[CHAPTER XII.]
CHARACTERISTICS OF THE WRITERS OF THE EIGHTEENTH CENTURY.
The precepts of Crescimbeni bore good fruit, and both prose and poetry gradually freed themselves from the faults of taste so obvious in the preceding generation. Verse became lighter and more flowing, although there was, unhappily, no diminution of conventional phraseology or of mythological allusion. The comic poets were numerous and gifted. But, on the other hand, there was less seriousness and perhaps less originality. The influence of French Literature began to prevail, and it has not been shaken off even to the present day. The tyranny of governments was not quite so oppressive. Public opinion began to revolt against the most flagrant abuses, and a succession of enlightened sovereigns and statesmen carried into practice the enlightened philanthropy of Voltaire and the sentimental philanthrophy of Rousseau. Indeed, all over Europe, there was a desire, in the second half of the Eighteenth Century, to promote the welfare of the people, such as was never evinced in the age of Davila or of Filicaia. Louis XVI and Turgot in France, Charles III and Aranda in Spain, Pombal in Portugal, the Grand Duke Leopold in Tuscany, were all zealous in the cause of humanity and enlightenment. It seemed even to acute observers that a golden age was awaiting the human race. Unhappily, the horrors and crimes of the French Revolution rudely dispelled these pleasing visions and produced a reaction, the effects of which threw back the progress of humanity for many generations. It is heart-breaking to think how different the development of Europe might have been, had the extreme section of the French Republicans been kept in subordination and had Roland guided the destinies of France instead of Robespierre.
The conquests of Napoleon completed what the Reign of Terror had begun. Old abuses were swept away, but only to make way for tyranny more hopeless and relentless. The loss of life and treasure was enormous, and the decline in the wealth of Italy became more conspicuous than ever.

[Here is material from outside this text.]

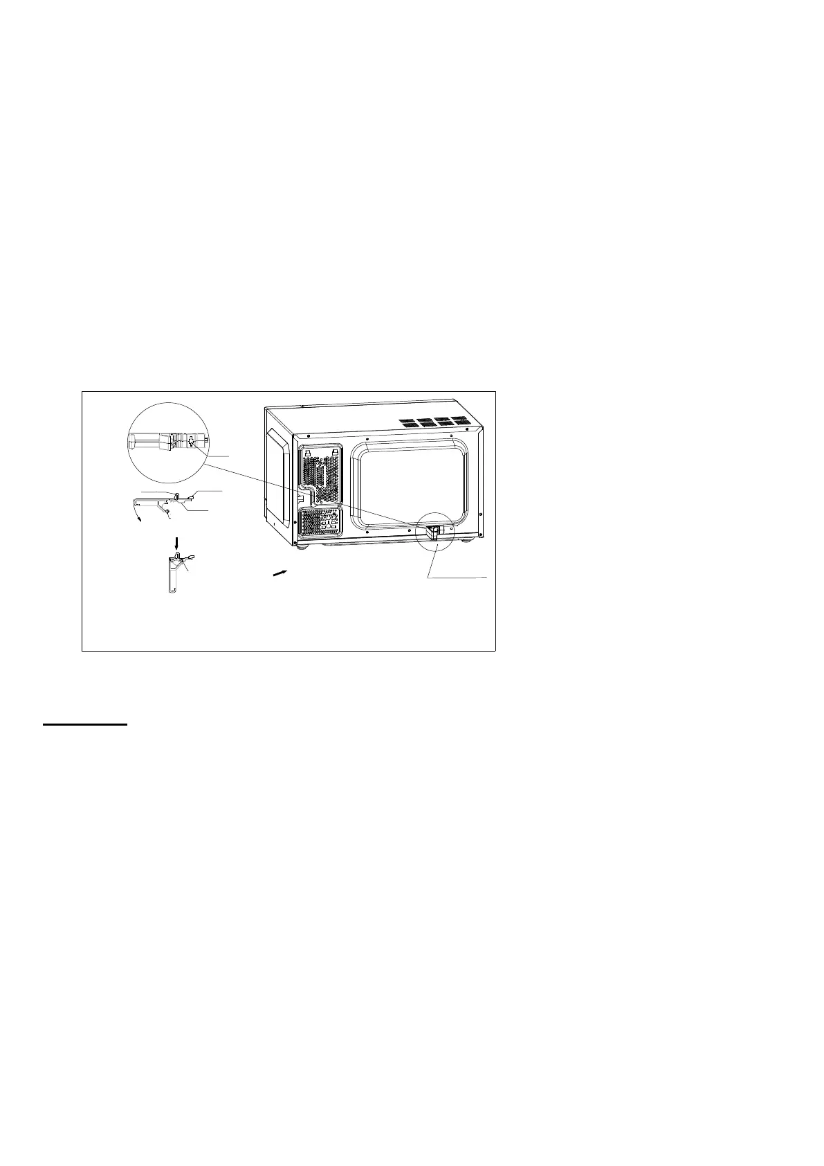 3. Introduza o Grampo B e o C nos orifícios quadrados situados na parte de trás do microondas.

Authors fared somewhat badly during this century. Princes, probably following the example of the frivolous Court of Louis XV, no longer even pretended to encourage science and literature. We hear of no poet receiving even the precarious and capricious patronage bestowed upon Tasso and Ariosto. Metastasio was the only poet who basked in the sunshine of Royal favour, and he owed his prosperity to the Court of Vienna, and not to the Court of Sardinia, or of Naples. The patronage of the great was withdrawn, and that of the public had hardly begun. Thus writers, unless possessed of ample means, had bitter struggles with poverty and obscurity. Some, like Muratori and Parini, entered the Church and became monks or abbés. Others, like Baretti and Algarotti, sought their fortune in foreign lands. The impudent piracy of books, and the unauthorised performance of plays deprived even popular authors of the reward of their labours. Goldoni, after spending many years in producing comedies that deserved and obtained applause, was glad to find an asylum in France as reader of Italian to the three daughters of Louis XV.
The great merit of the Eighteenth Century, in Italy as elsewhere, was its light-heartedness and humanity; the great defect, its materialism and frivolity. Indeed, it would be hard to conceive a more enervating atmosphere than surrounded many Italian poets, especially in the earlier part of the Century; and unhappily, the numerous literary Academies, instituted all over the Peninsula, instead of arresting the evil, positively aggravated it, as they devoted their attention, with few exceptions, to subjects and thoughts of the most trifling description. This frivolity is not wholly absent even from the works of Metastasio, one of the most delightful poets that Italy ever produced.